Recorded data
━━━━━━━━━━━━━━━━━━━━

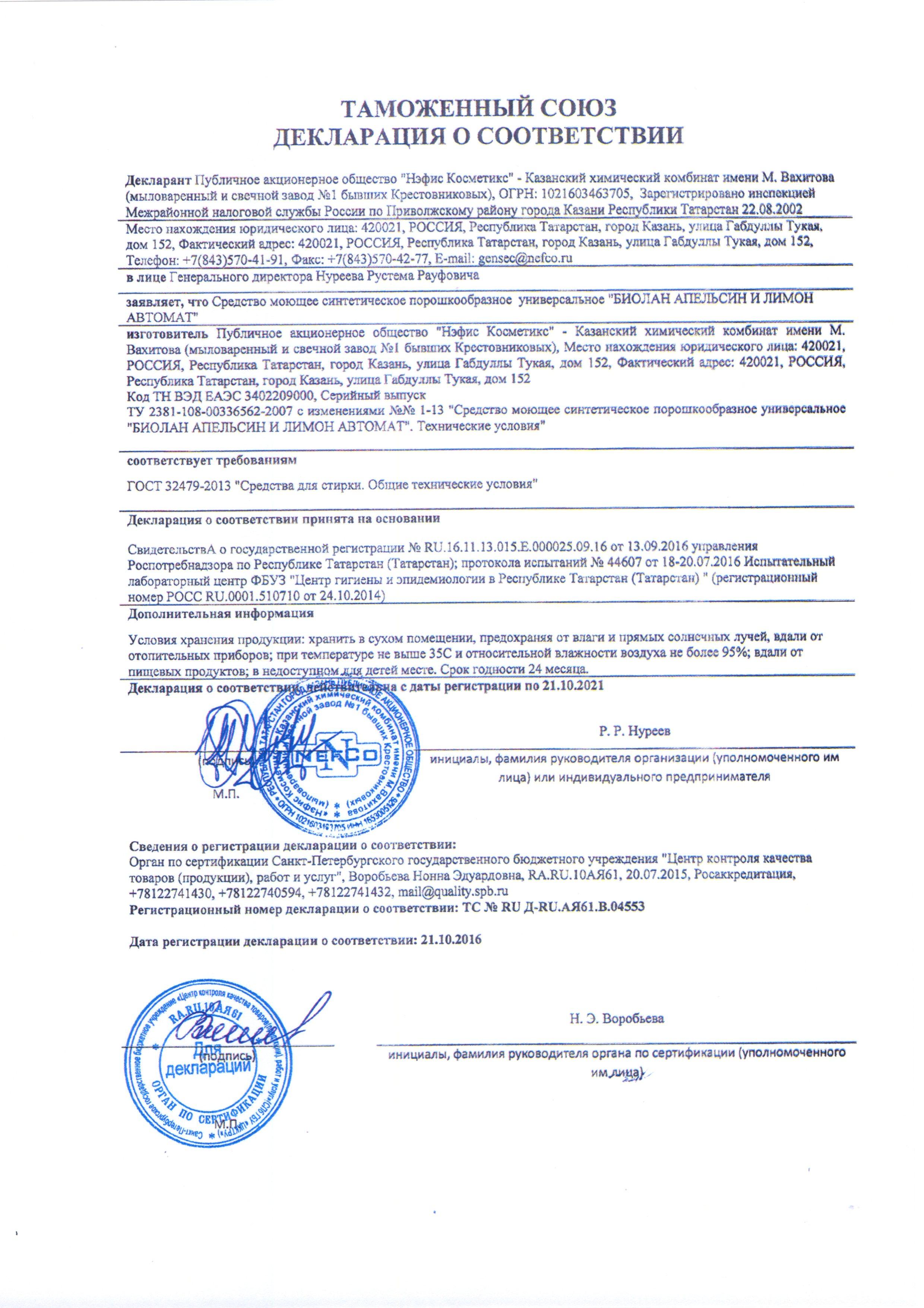 Порошок стиральный синтетический универсальный с пониженным пенообразованием с био компонентами и перекисными солями. Предназначен для замачивания, стирки и отбеливания изделий из хлопчатобумажных, льняных, синтетических тканей, а также тканей из смешанных волокон в стиральных машинах любого типа и ручной стирки. Порошок не предназначен для стирки изделий из шерсти и натурального шелка.
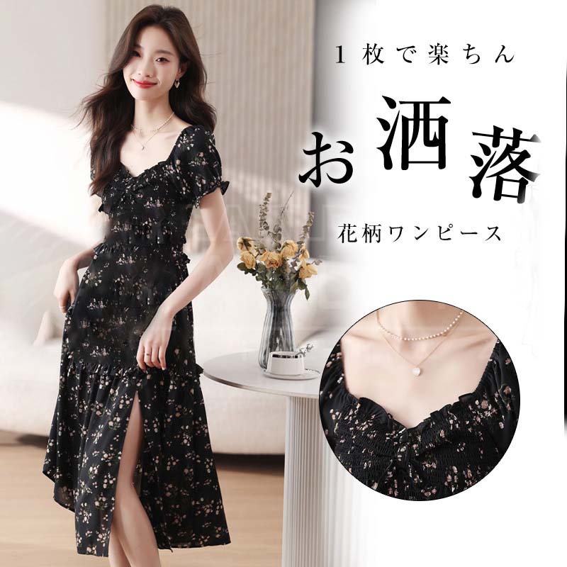 花柄 ワンピース レディース 半袖 夏 大人 フォーマル フレア ワンピース aライン ミモレ丈 v・・・
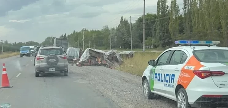 El viernes pasado, un grave siniestro vial se registró por la mañana sobre la Ruta Nacional 22, a la altura de Allen, cuando un camión tipo tolva que transportaba peras sufrió la apertura de su compuerta y terminó desparramando gran parte de la carga sobre la calzada. Como consecuencia directa del hecho, una camioneta Renault Oroch protagonizó un vuelco, generando una interrupción total del tránsito y un importante despliegue de los servicios de emergencia.
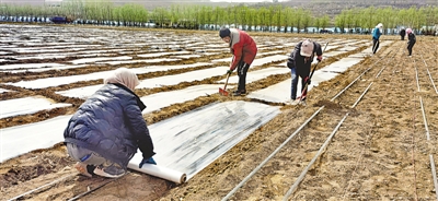 西吉縣馬蓮鄉馬蓮村農民搶墑覆地膜。見習記者 楊玉瑛 攝
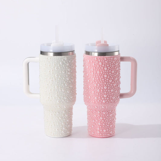 40oz H2.0 White Pink Rhinestone Pearl Bling Tumblers-CNLCA
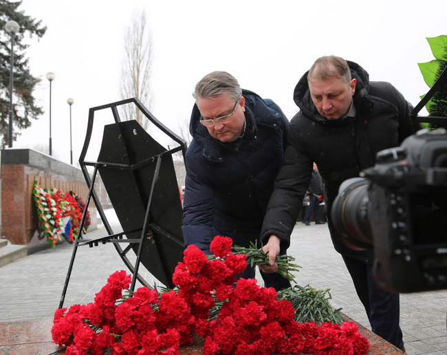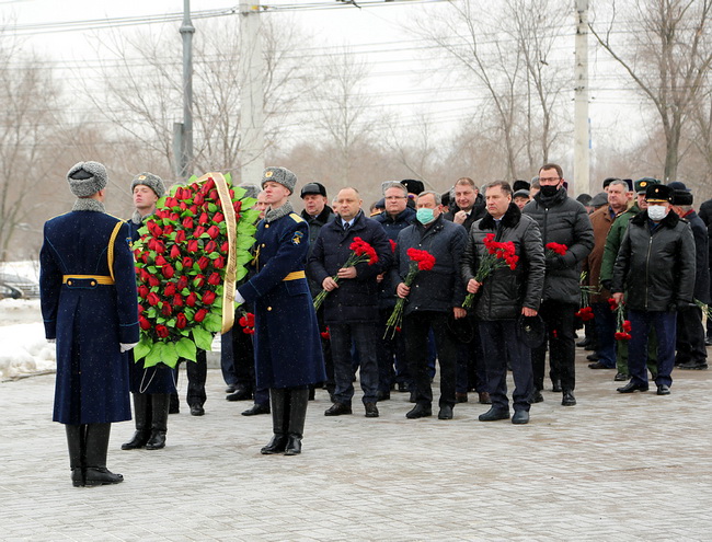 Мэр Воронежа Вадим Кстенин возглавил колонну от администрации города. Под звуки оркестра Военно-воздушной академии имени Жуковского и Гагарина собравшиеся возложили цветы и венки к вечному огню у Братской могилы № 6. Затем клирики Воронежской митрополии отслужили траурную панихиду по погибшим воинам.
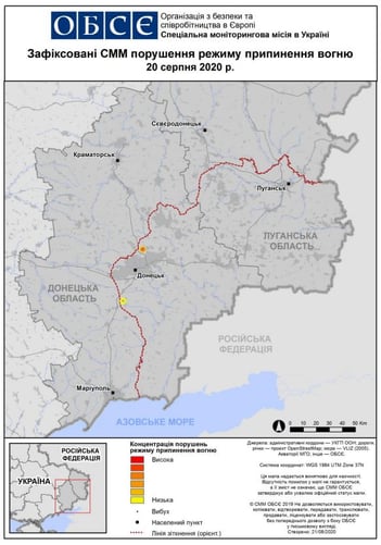 Наблюдатели ОБСЕ по состоянию на вечер 20 августа зафиксировали 634 нарушения всеобъемлющего прекращения огня на Донбассе с начала перемирия 27 июля.

━━━━━━━━━━━━━━━━━━━━

● **ASSIGNMENT**: Each entry above should be restated word for word, though no picture may appear in the copy.

● **ANSWER TO THE EXERCISE**:
 Порошок стиральный синтетический универсальный с пониженным пенообразованием с био компонентами и перекисными солями. Предназначен для замачивания, стирки и отбеливания изделий из хлопчатобумажных, льняных, синтетических тканей, а также тканей из смешанных волокон в стиральных машинах любого типа и ручной стирки. Порошок не предназначен для стирки изделий из шерсти и натурального шелка.
 花柄 ワンピース レディース 半袖 夏 大人 フォーマル フレア ワンピース aライン ミモレ丈 v・・・
 El viernes pasado, un grave siniestro vial se registró por la mañana sobre la Ruta Nacional 22, a la altura de Allen, cuando un camión tipo tolva que transportaba peras sufrió la apertura de su compuerta y terminó desparramando gran parte de la carga sobre la calzada. Como consecuencia directa del hecho, una camioneta Renault Oroch protagonizó un vuelco, generando una interrupción total del tránsito y un importante despliegue de los servicios de emergencia.
 西吉縣馬蓮鄉馬蓮村農民搶墑覆地膜。見習記者 楊玉瑛 攝
 40oz H2.0 White Pink Rhinestone Pearl Bling Tumblers-CNLCA
 Мэр Воронежа Вадим Кстенин возглавил колонну от администрации города. Под звуки оркестра Военно-воздушной академии имени Жуковского и Гагарина собравшиеся возложили цветы и венки к вечному огню у Братской могилы № 6. Затем клирики Воронежской митрополии отслужили траурную панихиду по погибшим воинам.
 Наблюдатели ОБСЕ по состоянию на вечер 20 августа зафиксировали 634 нарушения всеобъемлющего прекращения огня на Донбассе с начала перемирия 27 июля.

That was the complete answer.